Untitled by carysfreya, on Flickr



Abandoned house by CattUnity, on Flickr

I am certain to visit more places this is my first, and i have already planned more!
Thanks


----------



## krela (Jan 6, 2014)

Hiya, you need to follow the instructions [ame="http://www.derelictplaces.co.uk/main/showthread.php?t=17009"]in this thread[/ame] for the photos to show up.

To everyone else; we don't need 1000 comments about the lack of photos thank you.


----------



## flyboys90 (Jan 7, 2014)

Thats very nice indeed,thanks for sharing.


----------



## Heebs (Jan 7, 2014)

That was the house used by 'Swampy' and his mates during the A30 protests back in the late 90's. Given its location it was prone to flooding before the OSM flood defences were built.


----------



## CattUnity (Jan 8, 2014)

heeblebob said:


> That was the house used by 'Swampy' and his mates during the A30 protests back in the late 90's. Given its location it was prone to flooding before the OSM flood defences were built.

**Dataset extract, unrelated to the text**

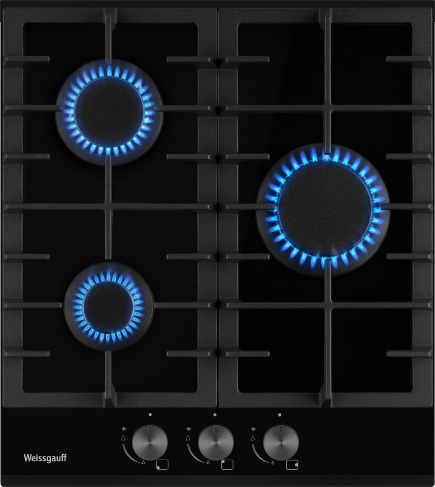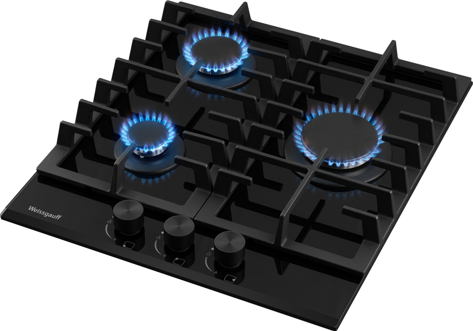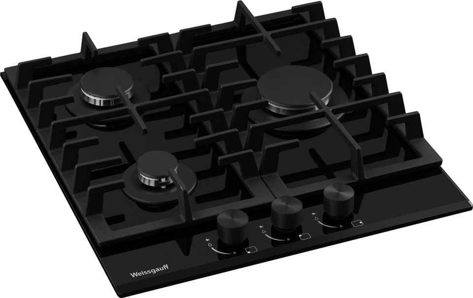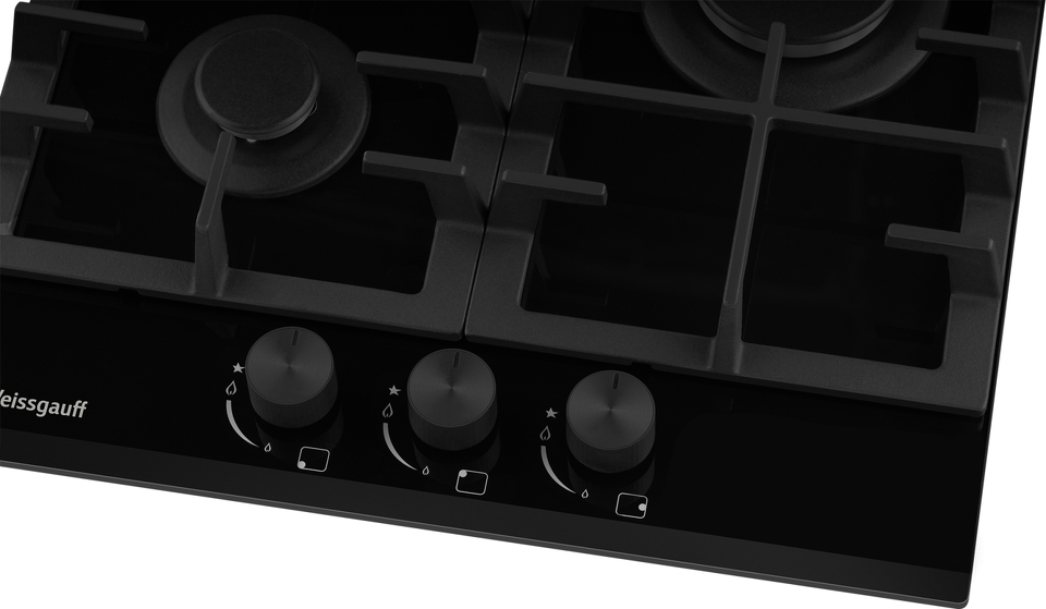 Встраиваемая независимая газовая панель Weissgauff шириной 45 см, исполненная в закалённом чёрном стекле - это стильное и компактное решение для вашей кухни!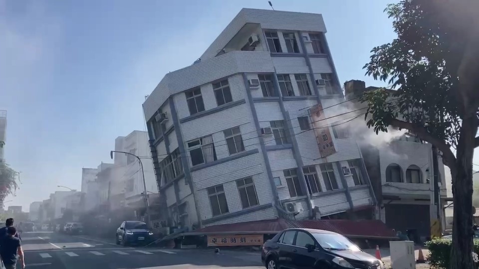 這起強震在花蓮地去造成強大破壞,軒轅路上的「天王星大樓」嚴重傾斜約45度,1棟房屋整個1樓早餐店消失,蘇花公路更是多處嚴重坍方,大清水隧道前道路消失,有多部車輛急數十人員受困,有1名貨車駕駛遭落石擊中,已由救難人員徒步運送出災區,送往醫院急救中。(記者雷軒/花蓮報導)

thanks for more information! I don't know any as I found it randomly


----------



## theterrorwheel (Jan 8, 2014)

nice post, seems I missed out on this house when exploring the big factory.


----------



## Heebs (Jan 8, 2014)

CattUnity said:


> thanks for more information! I don't know any as I found it randomly



No problems, just as a note there's a couple of occupied cottages hidden in the trees beside the house. Not at all obvious so be careful not to disturb the residents.


----------



## woodland pixie (Jan 30, 2014)

I didn't want to go in here when I heard about the fire and the poor woman who died so thank you for showing me. I guess that fireplace photo is where it happened  I'm way too sensitive to that kind of stuff... Didn't know about Swampy either. The factory is amazing though I'd love to have a ganders in there


----------



## Potter (Feb 5, 2014)

Those stairs look a bit gone.


----------



## Jungle (Mar 31, 2014)

What fire? Where do I find this story?


----------



## alex (Sep 19, 2022)

can you give me a postcode


----------



## Gibbo (Sep 20, 2022)

alex said:


> can you give me a postcode



This forum doesn't work like that. Also its been eight years, there's a good chance the place has either been demolished or refurbished like the mill that was opposite.


----------